İlk tuğla yanlış konursa, duvar doğru örülür mü?

Partili Cumhurbaşkanı COVİD-19 pandemi belası ile mücadele aşamasında bile, yurttaşların gönüllülük bağlamında yapacağı yardımlaşmayı da bloke etti. Hükümet olarak kendi kontrolüne alıyor! Partili belediye başkanları ile yaptığı toplantıda; “bunu fırsata çevirmeliyiz” dedi.
Oysa kendisi, devleti temsil eder.

Devlet ise, ayırım yapmaz. Bütün yurttaşları aynı gözle görür. Vergi toplar ve bununla yurttaşın gerek duyacağı ihtiyaç ve hizmetleri ifa eder. Bunu yaparken; anayasa gereği eşitlik ilkesine uyar.

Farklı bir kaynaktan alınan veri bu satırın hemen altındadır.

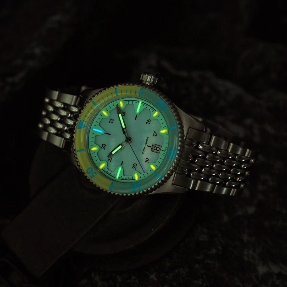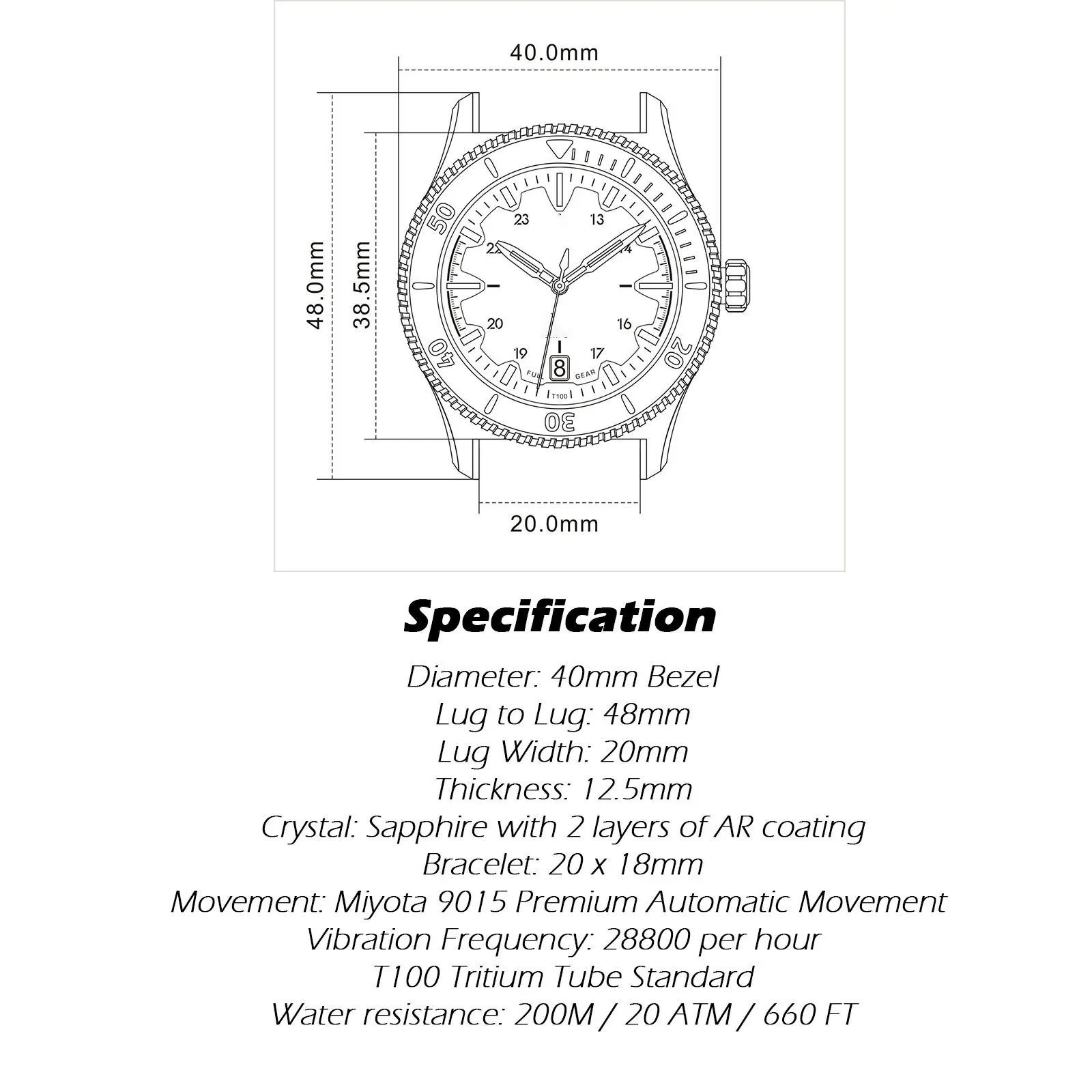 Customized 40MM Design Day Date Automatic Watches Wrist for Men with Tritium (GTLS) Index Hands Powered Miyota 9015 Movement

Korona gibi olağanüstü durumlarda, devlet, varlığını ihtiyaç ölçüsünde yurttaşa geçimlik verir.
Herkesin “evde kal” isteğiyle içeri tıkıldığı bu zamanda, iaşenin sağlanması için gerekli olan nakit ihtiyaç; devlet tarafından sağlanır.
 Amerika’dan Japonya’ya, İngiltere’den Rusya’ya; dünyadaki bütün devletlerin yaptığını yapması gerekir. Sokağa çıkılmamasını isteyen Amerika 2 trilyon, Almanya 834milyar, İngiltere 397 milyar, Fransa 380 milyar dolar yurttaşlarına tahsis etti.

Türkiye ise, ancak 15 milyon dolar tutarı olan 100 milyar lira ayırdığını duyurdu. Ardından da mendil açar gibi, “iban” numarası açtı.
Çünkü kasa tamtakırdı. Merkez Bankası ihtiyat (kefen) parasından deprem için toplanan yardım parasına; İşsizlik fonundan 1997’de bir defaya mahsus çıkarılıp devamlı hale getirilen deprem vergisine kadar, eser kalmamıştı. Varsa yoksa köprü, tünel, yol, hava alanı müteahhit garantilerine ve yandaş vakıflara aktarılarak eritilmişti.
Vaat edilen 100 milyar bile bulunamıyordu.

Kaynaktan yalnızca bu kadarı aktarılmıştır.